### [Action item]
Transcribe the data in full and exactly, omitting any pictures.

[Stored entries]
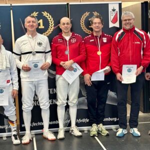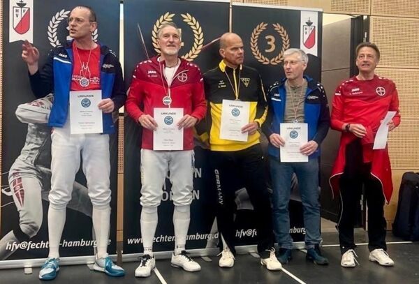 Bei den Herren gingen insgesamt drei Leverkusener Fechter an den Start. In der V50 erreichte Alexander Marchet das Treppchen und holte die Bronzemedaille nach Leverkusen. In der V60 musste sich Achim Bellman knapp (7:6) gegen seinen Vereinskollegen Oliver Klass geschlagen geben und holte Platz 5.
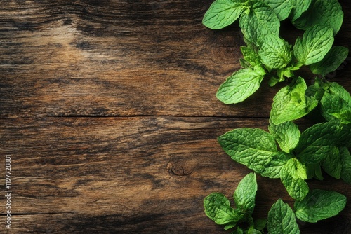 mint, herb, green, leaf, wood, rustic, kitchen, cooking, fresh, garnish, favor, organic, botanical, natural, culinary, decoration, nourishment, aromatic, food, agriculture, texture, seasoning, plant, foliage, healthy, ingredient, produce, preparation, nature, vegetarian, wellness, vibrant, bright, garden, receipe, essential, oil, tea, scent, aroma, spice, generative, ai
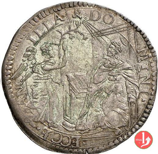 Giulio da 8 soldi Dritto: : CAESAR Stemma estense, in cartella coronata e ornata di volute. L'Annunciazione di Maria Vergine. | |
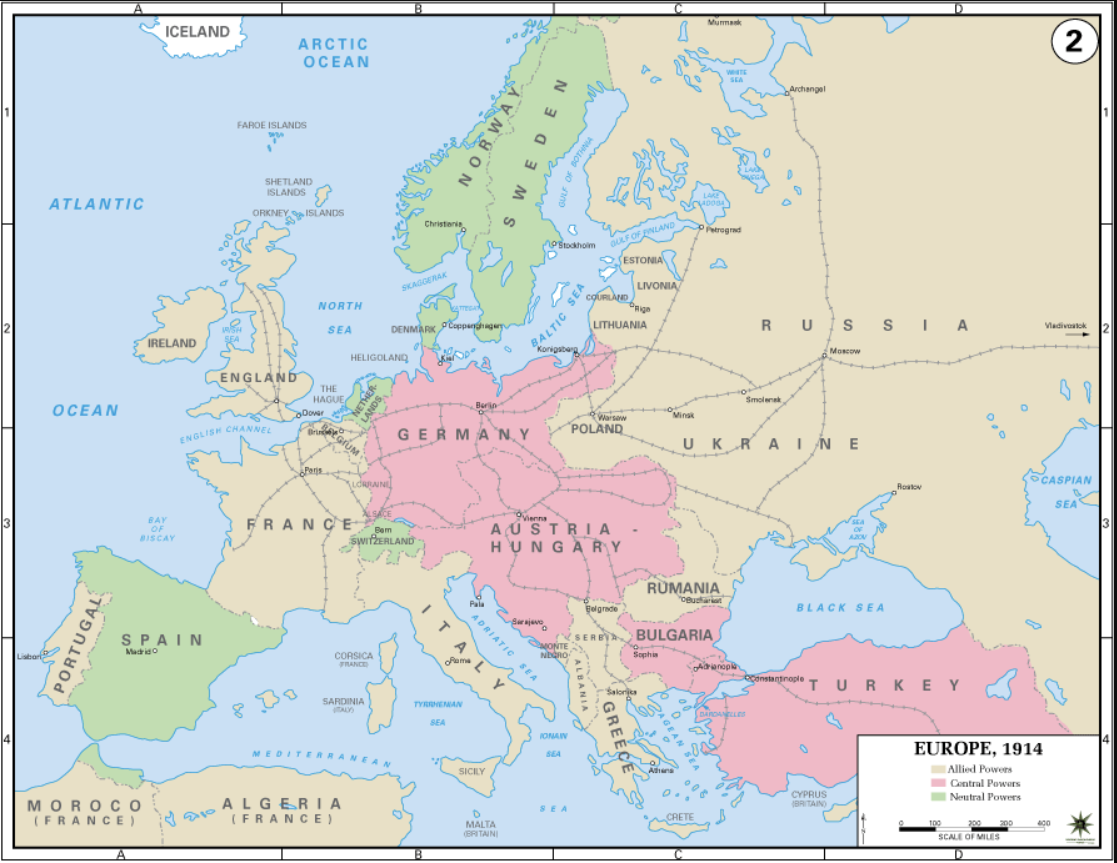 Central Powers - Austria-Hungary (full of Germans, Hungarians, and Catholics), German Empire, Ottoman Empire (Turkey, Muslim)
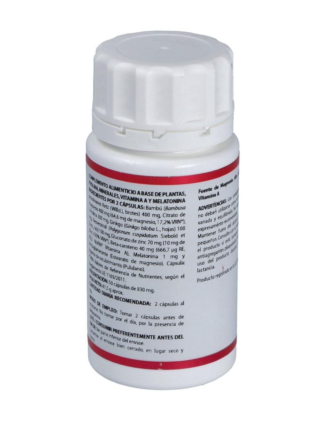 BAMBÚ. CITRATO DE MAGNESIO. L-PROLINA. GINKGO. RESVERATROL. GLUCONATO DE ZINC. BETA-CAROTENO. MELATONINA. ESTEARATO DE MAGNESIO.
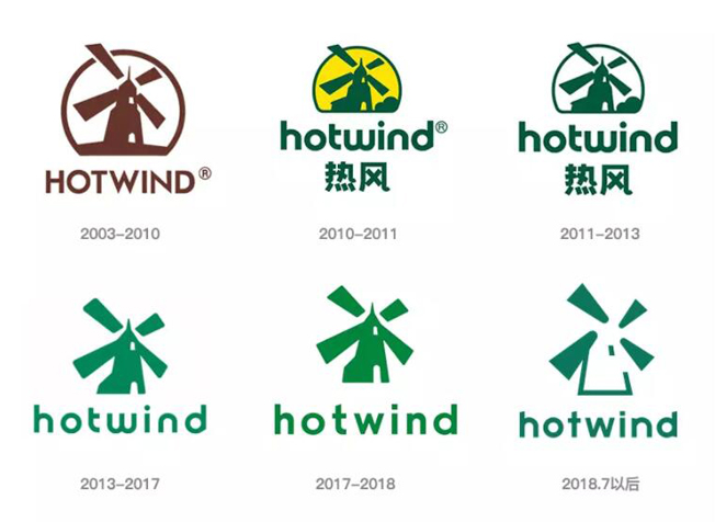 最新的LOGO繼續保留了風車圖形,但相比前面的五個版本,此次調整對圖形的優化幅度最大。可以從下面的歷史演變中看出,從2003年推出風車形象后,幾次調整的過程均圍繞此形象進行,其中2010年至2013年這段時間還增加了黃色的背景配色,風車的左右增加了一些裝飾元素。
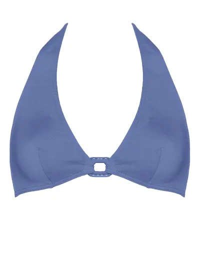 cornflower blue halterneck tie fastening rear clasp fastening triangle cup Be mindful to try on swimwear over your own garments.
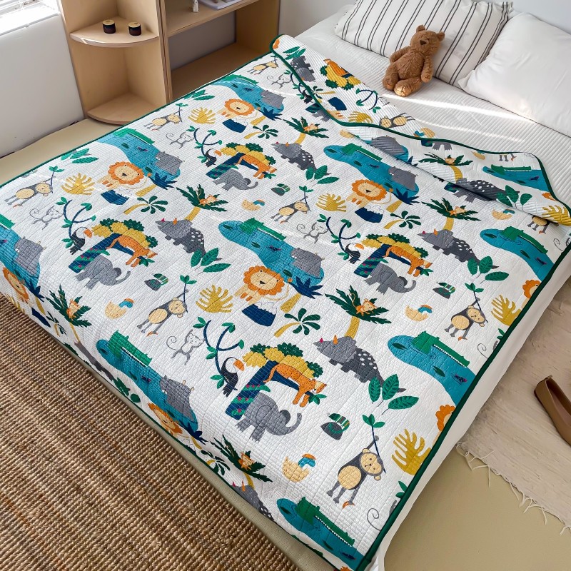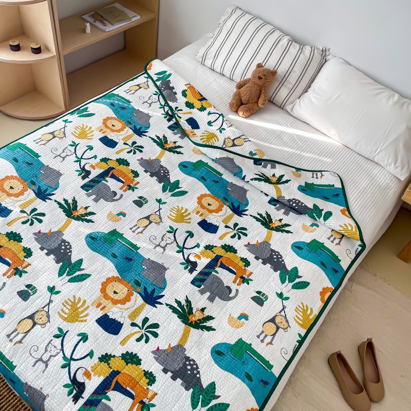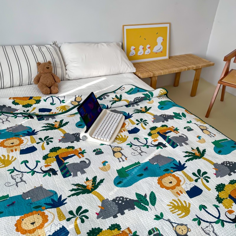汇庭 2023新款卡通印花单品床盖系列 快乐森林
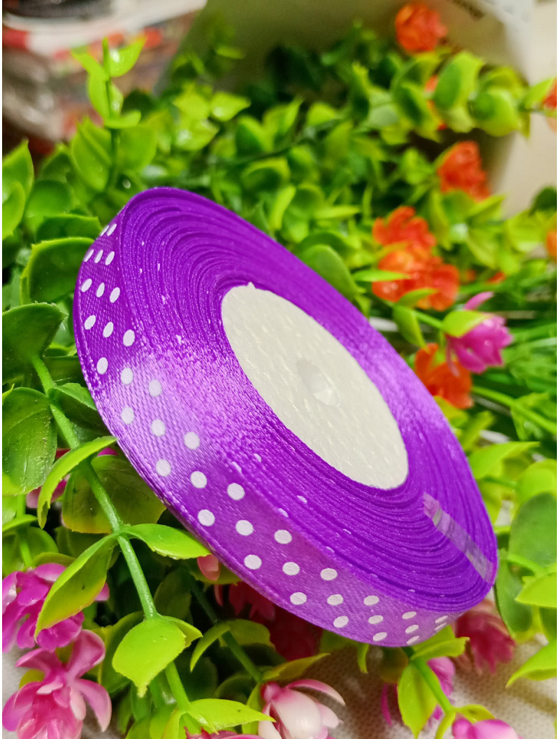 Атласна стрічка "горох"/фіолетовий/1 см/23 метри

### [Problem solution]
 Bei den Herren gingen insgesamt drei Leverkusener Fechter an den Start. In der V50 erreichte Alexander Marchet das Treppchen und holte die Bronzemedaille nach Leverkusen. In der V60 musste sich Achim Bellman knapp (7:6) gegen seinen Vereinskollegen Oliver Klass geschlagen geben und holte Platz 5.
 mint, herb, green, leaf, wood, rustic, kitchen, cooking, fresh, garnish, favor, organic, botanical, natural, culinary, decoration, nourishment, aromatic, food, agriculture, texture, seasoning, plant, foliage, healthy, ingredient, produce, preparation, nature, vegetarian, wellness, vibrant, bright, garden, receipe, essential, oil, tea, scent, aroma, spice, generative, ai
 Giulio da 8 soldi Dritto: : CAESAR Stemma estense, in cartella coronata e ornata di volute. L'Annunciazione di Maria Vergine. | |
 Central Powers - Austria-Hungary (full of Germans, Hungarians, and Catholics), German Empire, Ottoman Empire (Turkey, Muslim)
 BAMBÚ. CITRATO DE MAGNESIO. L-PROLINA. GINKGO. RESVERATROL. GLUCONATO DE ZINC. BETA-CAROTENO. MELATONINA. ESTEARATO DE MAGNESIO.
 最新的LOGO繼續保留了風車圖形,但相比前面的五個版本,此次調整對圖形的優化幅度最大。可以從下面的歷史演變中看出,從2003年推出風車形象后,幾次調整的過程均圍繞此形象進行,其中2010年至2013年這段時間還增加了黃色的背景配色,風車的左右增加了一些裝飾元素。
 cornflower blue halterneck tie fastening rear clasp fastening triangle cup Be mindful to try on swimwear over your own garments.
汇庭 2023新款卡通印花单品床盖系列 快乐森林
 Атласна стрічка "горох"/фіолетовий/1 см/23 метри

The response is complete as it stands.